I made a decision early on that rather than have an awkward scene at the counter, I would make a snap, unfounded character analysis of people immediately as they step through the door, and if I determine them to be not really “Inkwell people”, simply ask them politely to leave before they have a chance to even start browsing the wares. It’s better for everybody I think; left to their own devices, I imagine these individuals would just wander round the shop becoming increasingly frustrated at how every stock item is yet another depressing reminder of how totally lame they are, essentially turning the shop into a sort of private hell where every book and record appears to be titled “SUCKS TO BE YOU”. There’s only room for one person in the private hell of The Inkwell thank you very much, and I’ve got the lease until August 2014.
7. What is your favourite method of 'looking busy' whilst a customer peruses your wares?
If anything, I try to look as unoccupied as possible, like I’ve really got nothing else going on and desperately need to make a sale simply for the attendant human interaction it will generate as much as the razor-thin margin I will scrape from it. That thick, oppressive sense of desperation really creates a pressure-cooker environment for the customer, and amped up with some loud sighing and moaning I’ve known it to force reluctant purchases on items ranging from a 75p badge to a £1.50 paperback book. I don’t feel great about it afterwards, but at the same time I don’t see why cancer charities and the RSPCA should have the monopoly on using emotional blackmail to make a quick buck.
8. Do you have any item in your shop that you would be amazed if you'd ever sell?
Are you kidding? I’m amazed that I sell anything. Books and records? In 2012? In a recession? It’s not like I’m selling bread and milk here, man.
9. Why don't you sell any records by any artists currently in the top 40?
I guess I’d answer that question with a question: “Why don’t YOU sell records by any artists in the Top 40?” OH WAIT – DID I JUST BLOW YOUR MIND? Sometimes before you start pointing your finger at people and making judgments about what they do or don’t do, maybe you should point your finger at yourself, or at least stand in front of a mirror and point at your reflection so that the mirror version of you is pointing their finger back at you, or build a robot replicant of yourself and program it to point it’s finger at you – and in some ways aren’t YOU ALREADY A FINGER POINTING ROBOT that has been programmed BY SOCIETY to point at things? Also, I’ve yet to identify and build relationships with the relevant Top 40 distribution companies, a task which remains very much on the To Do list for The Inkwell in 2012 – stay tuned!

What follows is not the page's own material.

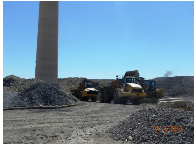
Loading of Category II materials from existing Stockpile #2

10. Would you consider changing your opening hours from 9am till 5pm, to 9pm till 5am?
This would only be possible if I made the same change at the Sydney, Australia branch of The Inkwell, where I currently work from 9pm-5am UK time / 9am-5pm Australian time. Currently I commute between the the UK branch and the Australian branch, keeping regular daytime business hours at both, and no, I don’t know how it’s possible either. Don’t need to. I get on a plane and that’s that. I’m not a scientist. Let Dr Poindexter Q Nerdington worry about that shit. I’m a man of action, a man of doing things. Reckless, mindless, pointless things. Asking me to explain quantum physics is like asking Steven Hawkins to explain how you calculate the break-even point of a small retail business, which I’m pretty sure he definitely couldn’t do. (FYI: Breakeven Point = Fixed Costs / Unit Selling Costs – Variable Costs . You think they teach you that at Space School or wherever Hawkins went? No way man. No freaking way.)